START PROVIDED MATERIAL
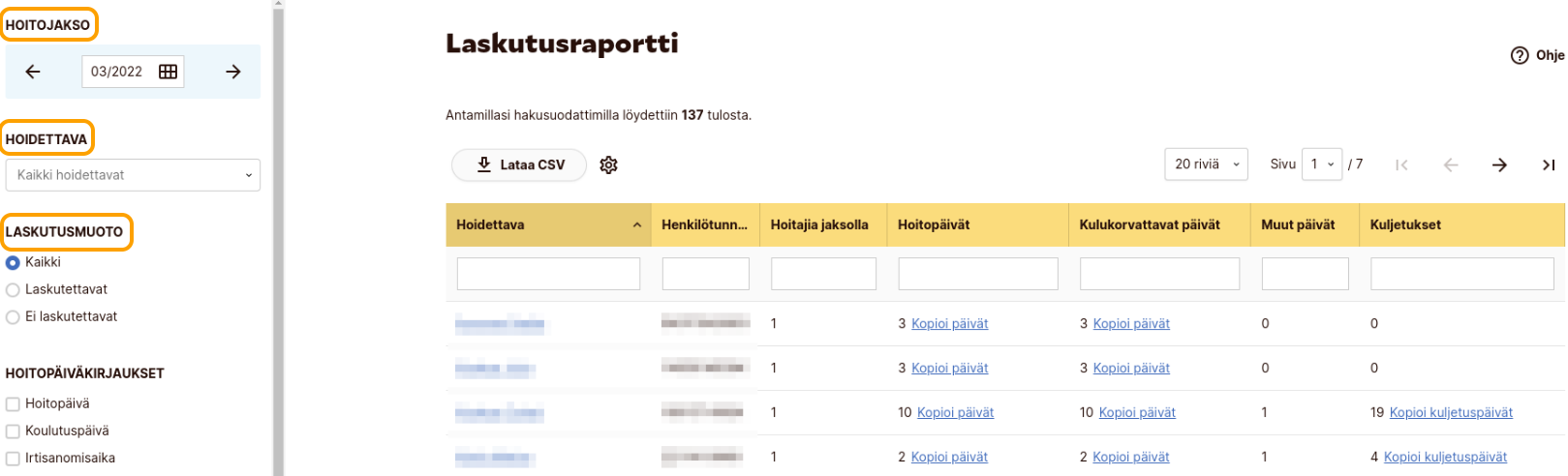 Kulukorvattavat päivät -sarakkeella näkyy niiden hoitopäivien määrä joilta on vähennetty ne hoitopäivät joille on merkitty "ei kulukorvausta" hoitopäivissä. Tietoa voidaan käyttää omien laskutusperusteiden mukaan.
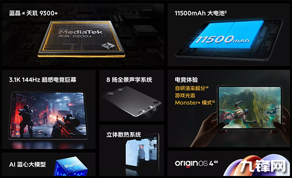 其它方面:3D全景音頻、8個揚聲器的全景聲學系統(tǒng)、10.48 cc超大音腔、自研Super Audio 5.0音效、AI人聲增強,WiFi 7,USB3.2 Gen1,無指紋解鎖,藍牙5.4,支持NFC,藍心小V、AI筆記創(chuàng)作、原子筆記AI涂鴉,搭載OriginOS 4系統(tǒng)。
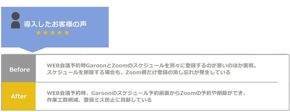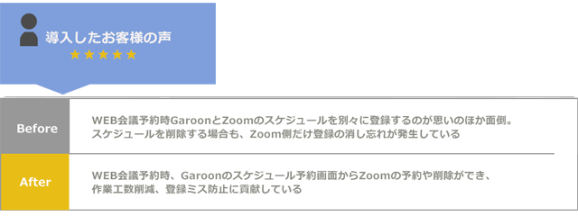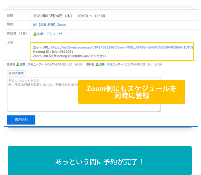 GaroonおよびZoomにスケジュールが同時に登録され、Garoon上にZoomのURLが反映されます。
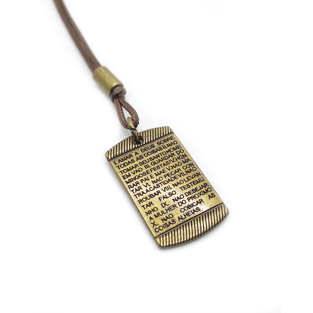 Pingente e ferragens: metal com banho ouro envelhecido, gravado com os 10 mandamentos em alto-relevo. Protegido por 2 camadas de verniz italiano autêntico para maior durabilidade.
END PROVIDED MATERIAL
→ YOUR OBJECTIVE:
Whenever a picture appears in the listing, leave it out; copy everything else exactly.

→ FINISHED TASK:
 Kulukorvattavat päivät -sarakkeella näkyy niiden hoitopäivien määrä joilta on vähennetty ne hoitopäivät joille on merkitty "ei kulukorvausta" hoitopäivissä. Tietoa voidaan käyttää omien laskutusperusteiden mukaan.
 其它方面:3D全景音頻、8個揚聲器的全景聲學系統(tǒng)、10.48 cc超大音腔、自研Super Audio 5.0音效、AI人聲增強,WiFi 7,USB3.2 Gen1,無指紋解鎖,藍牙5.4,支持NFC,藍心小V、AI筆記創(chuàng)作、原子筆記AI涂鴉,搭載OriginOS 4系統(tǒng)。
 GaroonおよびZoomにスケジュールが同時に登録され、Garoon上にZoomのURLが反映されます。
 Pingente e ferragens: metal com banho ouro envelhecido, gravado com os 10 mandamentos em alto-relevo. Protegido por 2 camadas de verniz italiano autêntico para maior durabilidade.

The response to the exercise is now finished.